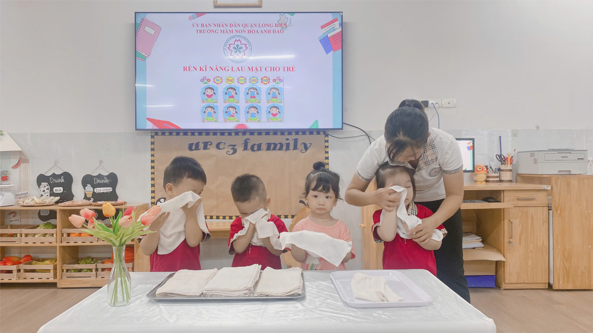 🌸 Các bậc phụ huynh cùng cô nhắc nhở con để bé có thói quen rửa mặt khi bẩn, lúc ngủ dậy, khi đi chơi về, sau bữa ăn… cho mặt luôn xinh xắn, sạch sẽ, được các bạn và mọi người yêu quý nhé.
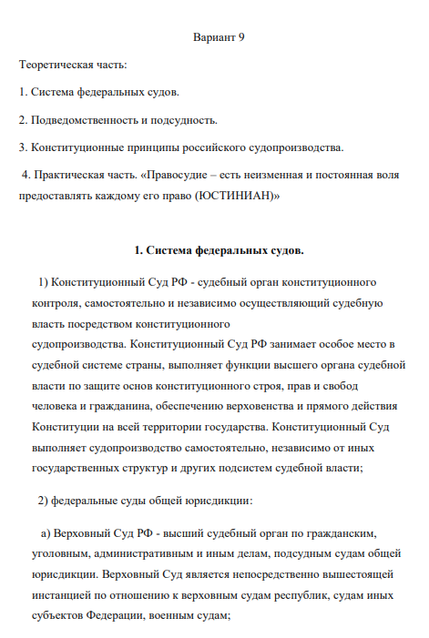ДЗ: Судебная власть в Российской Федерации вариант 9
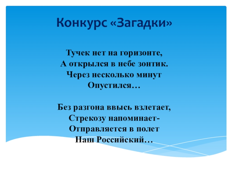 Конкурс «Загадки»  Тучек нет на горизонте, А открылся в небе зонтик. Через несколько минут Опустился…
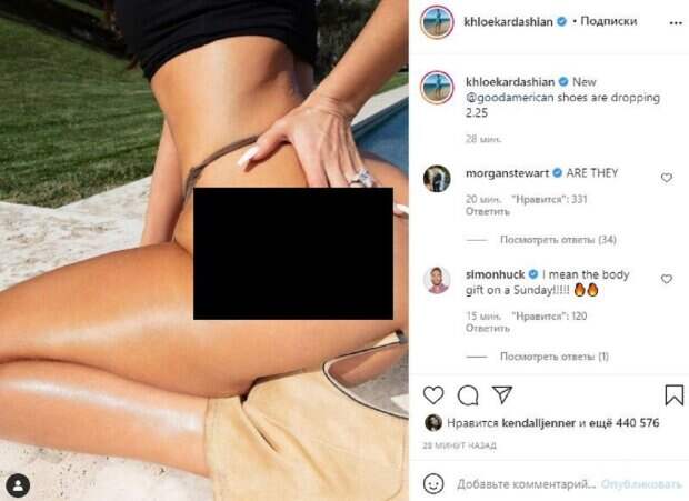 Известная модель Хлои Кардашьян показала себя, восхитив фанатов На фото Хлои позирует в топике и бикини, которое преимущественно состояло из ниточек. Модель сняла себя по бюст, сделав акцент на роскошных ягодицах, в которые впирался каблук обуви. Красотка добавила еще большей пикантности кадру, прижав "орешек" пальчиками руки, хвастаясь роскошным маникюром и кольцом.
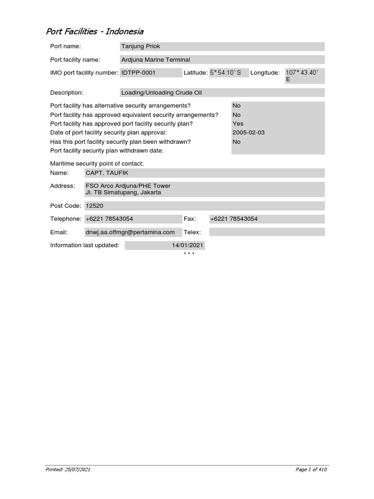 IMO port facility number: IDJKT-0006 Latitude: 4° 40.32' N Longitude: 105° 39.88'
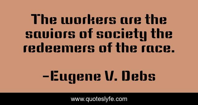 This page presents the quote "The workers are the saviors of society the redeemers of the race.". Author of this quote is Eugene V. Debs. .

::::

• [Exercise] Write out all the records again, exactly, minus any pictures.

• [Result of the exercise]
 🌸 Các bậc phụ huynh cùng cô nhắc nhở con để bé có thói quen rửa mặt khi bẩn, lúc ngủ dậy, khi đi chơi về, sau bữa ăn… cho mặt luôn xinh xắn, sạch sẽ, được các bạn và mọi người yêu quý nhé.
ДЗ: Судебная власть в Российской Федерации вариант 9
 Конкурс «Загадки»  Тучек нет на горизонте, А открылся в небе зонтик. Через несколько минут Опустился…
 Известная модель Хлои Кардашьян показала себя, восхитив фанатов На фото Хлои позирует в топике и бикини, которое преимущественно состояло из ниточек. Модель сняла себя по бюст, сделав акцент на роскошных ягодицах, в которые впирался каблук обуви. Красотка добавила еще большей пикантности кадру, прижав "орешек" пальчиками руки, хвастаясь роскошным маникюром и кольцом.
 IMO port facility number: IDJKT-0006 Latitude: 4° 40.32' N Longitude: 105° 39.88'
 This page presents the quote "The workers are the saviors of society the redeemers of the race.". Author of this quote is Eugene V. Debs. .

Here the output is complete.